When “Life After Life” was published in 2013, that was McCorkle’s first novel in 17 years. She’d made a splash in 1984 when Algonquin Books of Chapel Hill published her first two novels simultaneously. More novels followed, and readers enjoyed her blossoming talent. A Lumberton native and UNC-Chapel Hill alum, she quickly earned her spot high on the impressive list of contemporary North Carolina authors.
Then life intervened, and with it that 17-year span in which she wrote and published short stories, but no novel. She vowed when “Life After Life” appeared that she wouldn’t go that long between novels again, and she’s kept her word.
She’s also kept growing and maturing as a writer. From the start, McCorkle was obviously a gifted writer who could tell a good story rich with insights, warmth and characters who come alive.
Now she’s also mined all those years of living, and her more recent novels are further infused with a deeper understanding of the vagaries of life and death, and of the foibles of human beings.
“Hieroglyphics” tells the story of Frank and Lil, an older couple who have retired to the sandhills of North Carolina after spending most of their long married life in Boston. Their relationship was forged from their parallel sense of loss. When Frank was a young boy, his father died in a terrible accident. Lil had been a young girl when her mother died in an equally terrible disaster.
When Frank and Lil met, they each sensed in the other a rare sympathy for and understanding of what they’d been through. Suddenly robbed of a parent, both had grown up feeling somehow incomplete and vulnerable.
Now they are aware that they are approaching the ends of their own lives. Lil spends her time poring over the old letters, notes and journal entries she’s collected, determined to make sure her own two grown children know their family stories — even the stories that have been deliberately kept secret. As her discoveries take her meandering randomly through her life, we gradually come to know her story too.
Frank, meanwhile, is obsessed with a shabby house not far from the golf course community where they now live. That’s where he spent the second part of his childhood, after his mother abruptly wrenched him from his familiar New England surroundings and made a very different new life near where his father had died in a train wreck. Frank wonders what traces of that second phase of his childhood might linger at the little house, what understanding he might gain now that he’s mature.
But Shelley, a working single mom, lives in that house now, and she’s not happy about the old man who keeps coming by, hoping to look around. For Shelley, the past is generally best avoided, and family secrets are secret for good reason.
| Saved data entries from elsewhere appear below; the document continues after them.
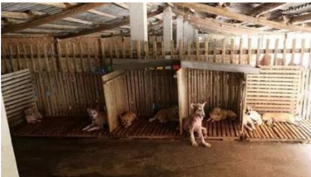
中心的旧木质狗床 潮湿并易滋生细菌

在走访并了解困难后，6月我们为武汉市小动物救助中心捐赠了10个剃毛器、100张塑料床，以帮助中心300只犬只，希望狗狗们安睡的环境更加清洁干爽。7月，物资已经全部到位。由反馈的照片可见，狗狗们已经睡上了新的床。新的狗床将更透气以及易于清洁。而剃毛器的到来也解决了狗狗炎热不适的问题。
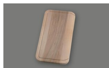
> Weblink 40.001.147.00 / CHF 151.- Planche à découper, en bois
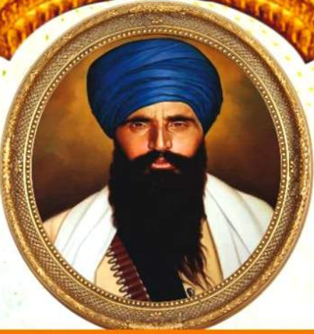
ਅਮਰ ਸ਼ਹੀਦ ਸੰਤ ਗਿਆਨੀ ਜਰਨੈਲ ਸਿੰਘ ਖਾਲਸਾ ਭਿੰਡਰਾਂਵਾਲੇ
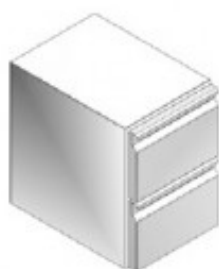
KPFRTA4006 CR7/2 CASSETTIERA REFR. NO. 2 CASSETTI 1/2 GE40202300.K1
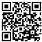
Aplicación de UnitedHealthcare

Ahora está registrado y conectado a la aplicación y al sitio web
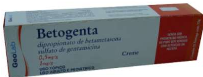
6939-Betogenta creme 30g 6940-Betogenta pomada 30g Betametasona+ gentamicina. Referência: Diprogenta
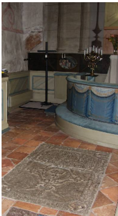
Korets norra sida – digitalfoto Svensk Klimatstyrning AB

Korets golv är i nivå med övriga kyrkorummet, men avviker då det består av lokalt tillverkat, handslaget tegel, samt gravhällar av kalksten. Östra väggen är klädd med liggande hyvlad panel. Den utgör underlag för altartavlan, en avbildad rundbåge buren av kolonner med joniska kapitäl. Rundbågen inramar gavelns stora fönster, vars antikglas mattfernissats. Norra och södra väggens kalkmålningar från 1611 skildrar Jesu livsträd, med motiven inramade av röda beslagsornament. Altaret intill väggen är byggt av trä med framskjutet, rundat mittparti. Framförvarande altarring är halvcirkelformig, sluten och dekorerad med en draperimålning i guld och blått.
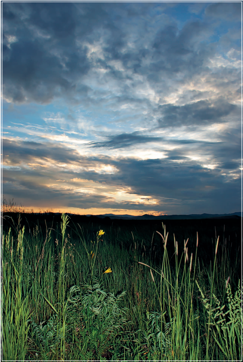
54 (11). Закат в южных степях Забайкалья (Калганский район Читинской области). Фото 2008 г.
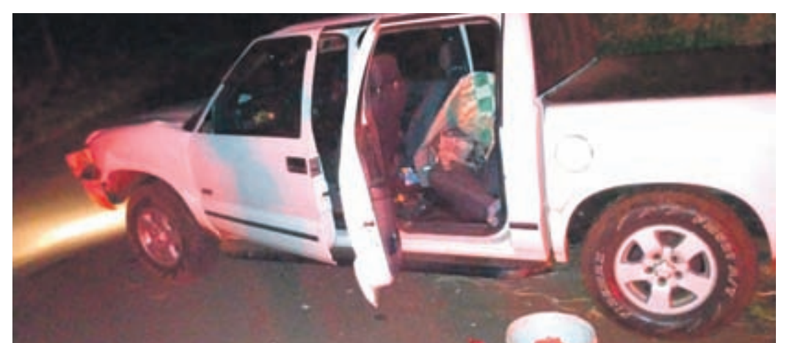
A caminhonete S-10 havia sido furtada horas antes em Loanda e já estava sendo usada pelos criminosos para cometer um novo furto

Em buscas pelas proximidades os policiais acabaram encontrando um casal deitado no meio do pasto. O homem fugiu. A mulher de 42 anos, moradora de Santa Isabel do Ivaí, acabou presa. Pouco depois os policiais acabaram encontrando o condutor do veículo, um homem de 29 anos. Ele estaria escondido em uma casa e se entregou após cerco da polícia.
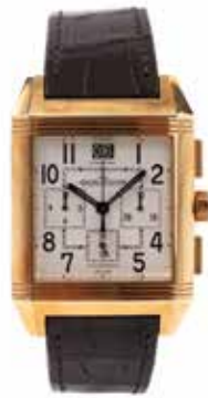
LOT 57 • JAEGER LECOULTRE Adjugée 9 000€
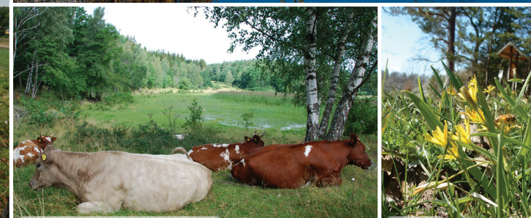
Kör betar på strandängarna
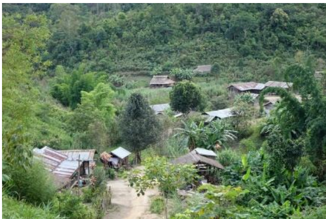
လွယ်လမ်ဒုက္ခသည်စခန်း

လွယ်လမ်စစ်ဘေးရှောင်ဒုက္ခသည်စခန်းသည် ရှမ်းပြည်တွင်းတိုက်ပွဲများကြောင့် ထွက်ပြေးတိမ်း ရှောင် လာသော ဒုက္ခသည်စခန်းများထဲကတခုဖြစ်သည်။ ထိုင်း-မြန်မာနယ်စပ် ဒုက္ခသည်စခန်းပေါင်း ၆ ခုရှိ သည်။ ဒုက္ခသည်ဦး ရေမှာ (၆၀၀၀)ကျော်ရှိသည်။ အများဆုံးမှာ အမျိုးသမီးများနှင့်ကလေး သူငယ်များ ဖြစ်ကြသည်။ စစ်ဘေးရှောင် ဒုက္ခသည်များအား ကူညီထောက်ပံ့နေကြသော ပြည်ပနိုင်ငံများမှ အလှူရှင် များသည် အောက်တိုဘာလ ၂၀၁၇ ခုနှစ် တွင်အကူအညီ ရပ်ဆိုင်းထားခဲ့သည်။ အစိုးရတပ် ဖန်တီးသော စစ်ပွဲများကြောင့် ရှမ်းပြည်နယ်တွင် စစ်ပွဲများ မငြိမ်သက်နိုင်သေးပါ။ ထိုကြောင့် ဤဒုက္ခသည်စခန်းမှ စစ်ဘေးရှောင်ဒုက္ခသည်များသည် မိမိတို့နေရပ်သို့ မပြန် နိုင်ကြသေးဘဲ သောင်တင်လျက်ရှိနေပါသည်။
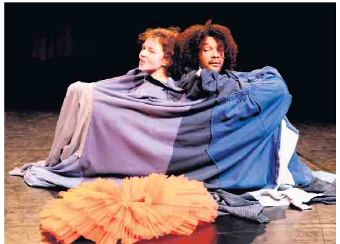
Wer bin ich und wer bist du? Was unterscheidet uns voneinander?

Die nächsten Aufführungen der Inszenierung „Genauso, nur anders“, einer Koproduktion mit dem Theater Bonn aus dem Jahre 2023, finden ab September im Rahmen des Festivals Spielarten NRW statt, für das die Inszenierung ebenfalls von der Jury ausgewählt wurde. Die nächsten Termine in Bonn sind dann im Oktober. Näheres unter: www.theater-marabu.de/stueck/genauso-nur-anders . Darüber hinaus können auch mobile Vorstellungen in Schulen gebucht werden. Anfragen an mail@theater-marabu.de oder portal@bonn.de . wm
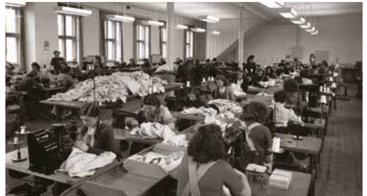
Nähsaal der Firma Blaudruck Groß (um 1950)

Andreas Sauer, Stadtarchivar pafunddu.de/38588
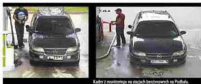
Każdy z monitoringu na stacjach benzynowych na Podhalu.

Ukrywa się pod czerwoną czapką, jeździ oplem omegą i na potęgę okrada stacje benzynowe w okolicach Zakopanego.
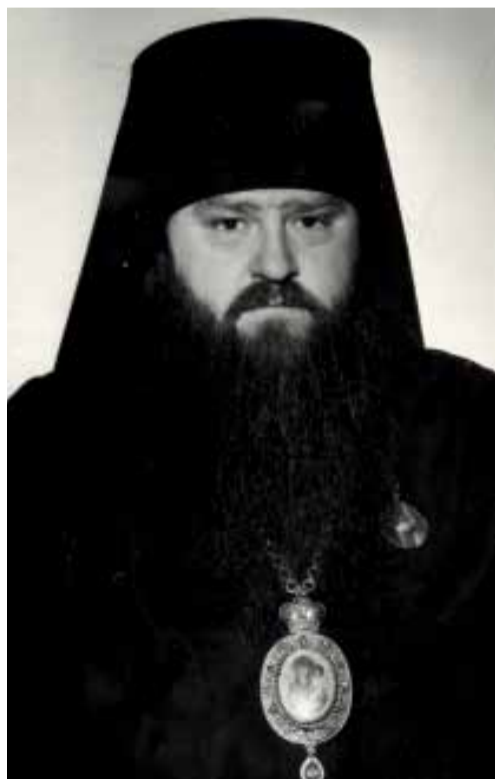
Никодим, архиеп. Ярославский и Ростовский. 1962 год.

Воскресную Божественную литургию в Свято-Троицком соборе Александро-Невской Лавры совершал митрополит Ювеналий в сослужении архиепископа Брюссельского и Бельгийского и временно Гаагского и Нидерландского Симона, архиепископа Симбирского и Мелекесского Прокла, архиепископа Новгородского и Старорусского Льва и викариев Санкт-Петербургской епархии – рек-
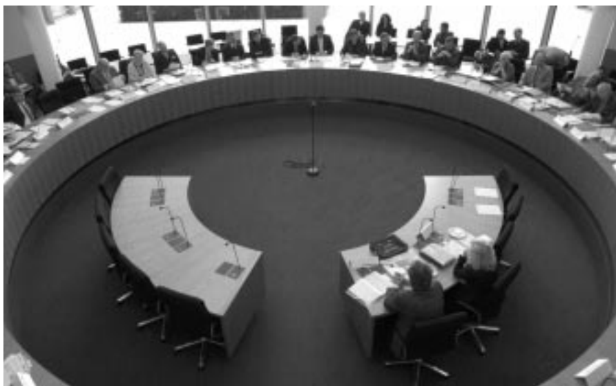
Blick in den Sitzungssaal des Ausschusses
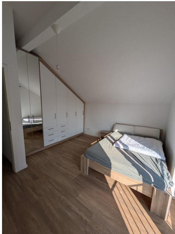
Schlafzimmer m Einbauschränk
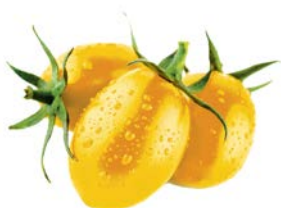
ТОМАТ СЛИВКА желтая 1уп. (350 г)
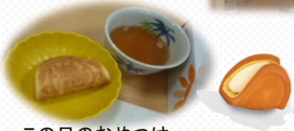
この日のおやつはワッフルです。

素晴らしい！👏 綺麗に足を上げて頂き写真を撮らせて頂きました。ありがとうございます！！！！
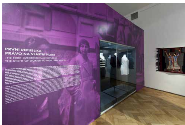
Obr. 23. Záběr z obecních voleb v roce 1931 na polepu stěny připomíná zásadní změnu, ke které v době první republiky došlo, ženy se staly politickými subjekty.
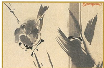
宮本武蔵筆 竹雀図(部分) 江戸時代
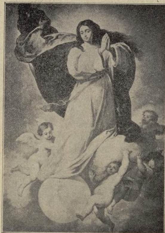
CONCEPCIÓN DE MURILLO
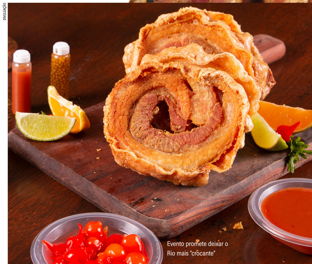
Evento promete deixar o Rio mais "crocante"

O evento mais consagrado no Brasil no quesito carne suína comemora sua 100ª edição, estreando na cidade do Rio de Janeiro, mais precisamente no Uptown Barra. O Festival do Torresmo acontece nos dois primeiros finais de semana de agosto - de 4 a 7/8, e de 11 a 14/8, com a presença confirmada do Embaixador Adan Garcia, chef especialista em carne de porco. A entrada será franca.
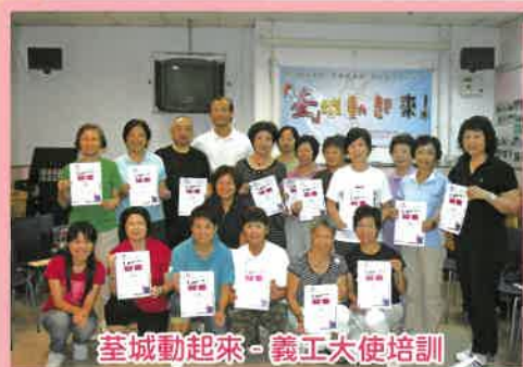
荃城動起來 - 義工大使培訓
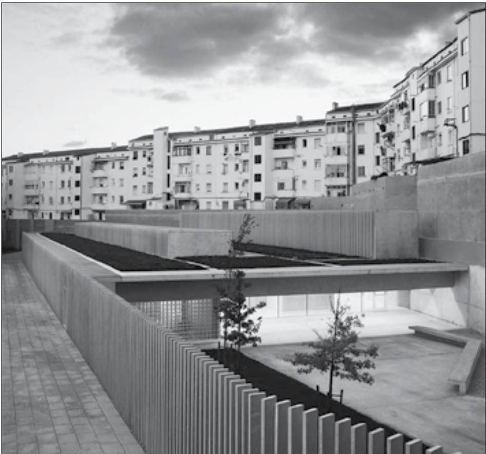
Figura 20: Escuela Infantil en La Milagrosa. Plaza de Alfredo Floristán, Pamplona. Carlos Pereda, Oscar Pérez. 2011.
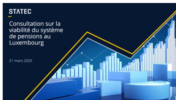
Abbildung 8: Die Präsentation des STATEC findet sich im Anhang zu dieser Dokumentation

Die Präsentation von Tom Haas, Direktor des STATEC, konzentriert sich einerseits auf die Entwicklung der Lebenserwartung. Hier wird auch für die kommenden Jahrzehnte ein weiterer Anstieg prognostiziert. Gleichzeitig zeigt sich beim Aktivitätsgrad älterer Menschen ein Trend zur Verlängerung der Erwerbsbiografien. Faktoren sind vor allem Bildungsniveau, Gesundheitszustand und Arbeitsmarktbedingungen.
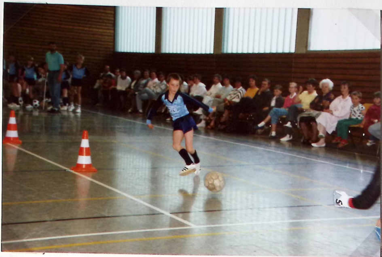
Jubiläums - Sportschau 20 Jahre SC

Then there’s Harvey, Shelley’s son, whose overactive imagination is filled with ghosts and monsters and villains that keep him even more on edge than usual. Shelley is nearing her wit’s end about how to cope with Harvey and keep her job as a court stenographer. All the things she hears when recording trials don’t help her anxieties, and Harvey unfortunately picks up on that. She doesn’t know if she can deal with one more call from a teacher about Harvey’s behavior problems.
Through these four characters, we discover clues to the past and present — “hieroglyphics,” if you will, bits of history and memories, sometimes clouded by time or emotion.
This is a book about family, relationships, what’s important in life. Without ever seeming heavy or preachy, McCorkle teaches us much about how we connect with others, how we make it through life’s tough times and what we leave behind that really matters. She’s a master of the art of weaving a story, through just the right details, nuances and anecdotes, for us to decipher as we read.